We conclude that abnormally large observations of length of service are typical for two types of employment: “unemployed”» and “pensioner”». Since the group of borrowers “unemployed”»“on maternity leave»“entrepreneur» and “student» are represented by a small number of records (one), then they can be removed from consideration using the method .drop()reducing the dimension of the feature space.

df.drop(df[df['income_type'] == 'безработный'].index, inplace = True)
df.drop(df[df['income_type'] == 'в декрете'].index, inplace = True)
df.drop(df[df['income_type'] == 'предприниматель'].index, inplace = True)
df.drop(df[df['income_type'] == 'студент'].index, inplace = True)

Let's build graphs for each class of borrowers using methods from libraries matplotlib and seaborn.
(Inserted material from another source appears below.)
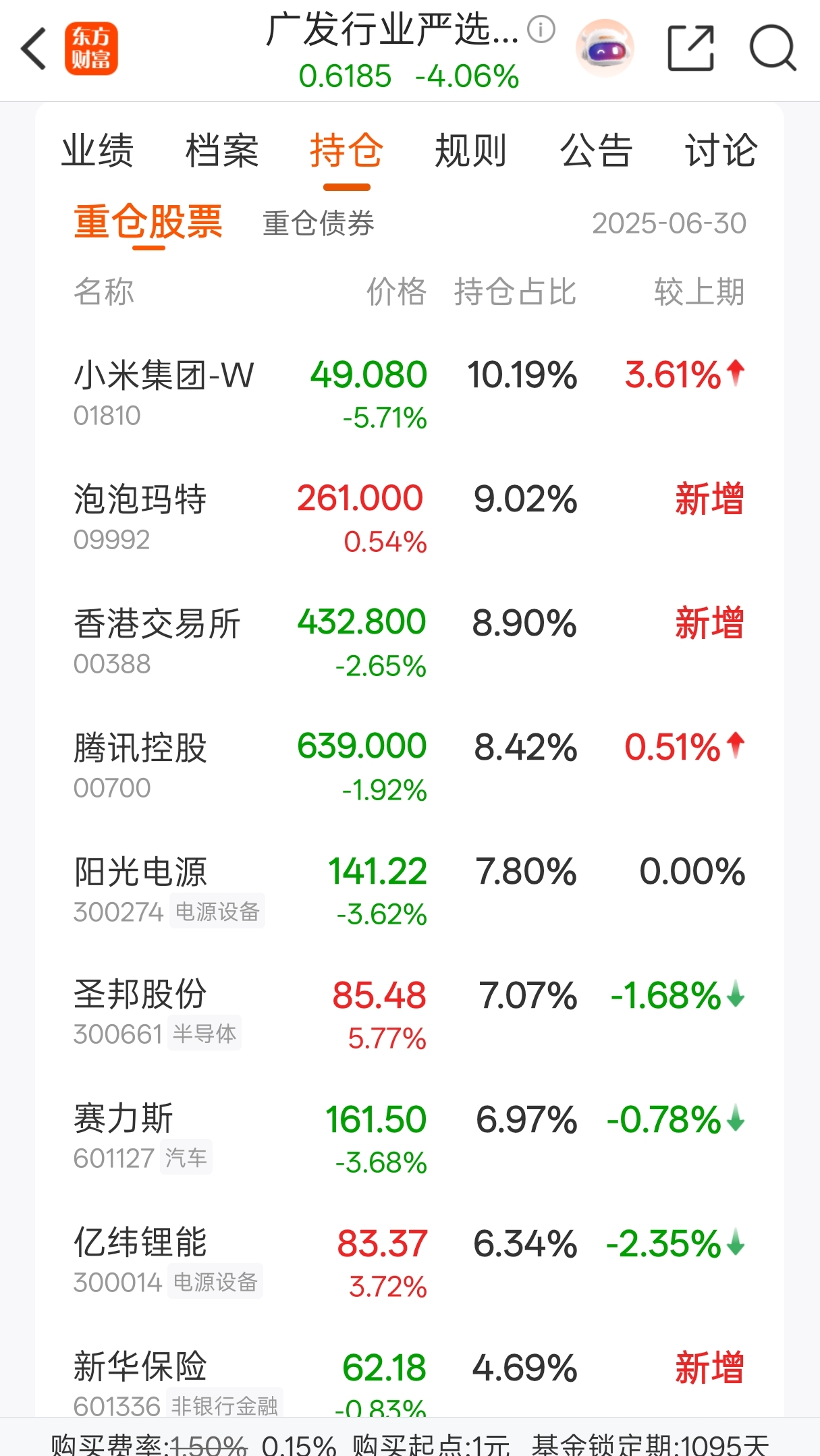 广发这些经理不行了,对了,广发的刘格菘之前一直减仓赛力斯加仓小米把小米加成重仓了

For convenience, we will split the dataframe df by type of borrowers.

df1 = df[df['income_type'] == 'госслужащий']
df2 = df[df['income_type'] == 'компаньон']
df3 = df[df['income_type'] == 'пенсионер']
df4 = df[df['income_type'] == 'сотрудник']

We are building a general schedule for four groups of borrowers.

# задаем размер сетки
ax = plt.subplots(2,2, figsize = (18,12))

# определение позиции первого графика
plt.subplot(2,2,1)

# задание графика
ax = sns.histplot(df1['days_employed'], bins = 25, color="purple", kde = True)

# подпись графика
ax.set_title('Класс заемщиков: «госслужащий»')

# определение позиции второго графика
plt.subplot(2,2,2)
ax = sns.histplot(df2['days_employed'], bins = 25, color="orange", kde = True)

# подпись графика
ax.set_title('Класс заемщиков: «компаньон»')

# определение позиции третьего графика
plt.subplot(2,2,3)
ax = sns.histplot(df3['days_employed'], bins = 25, color="green", kde = True)

# подпись графика
ax.set_title('Класс заемщиков: «пенсионер»')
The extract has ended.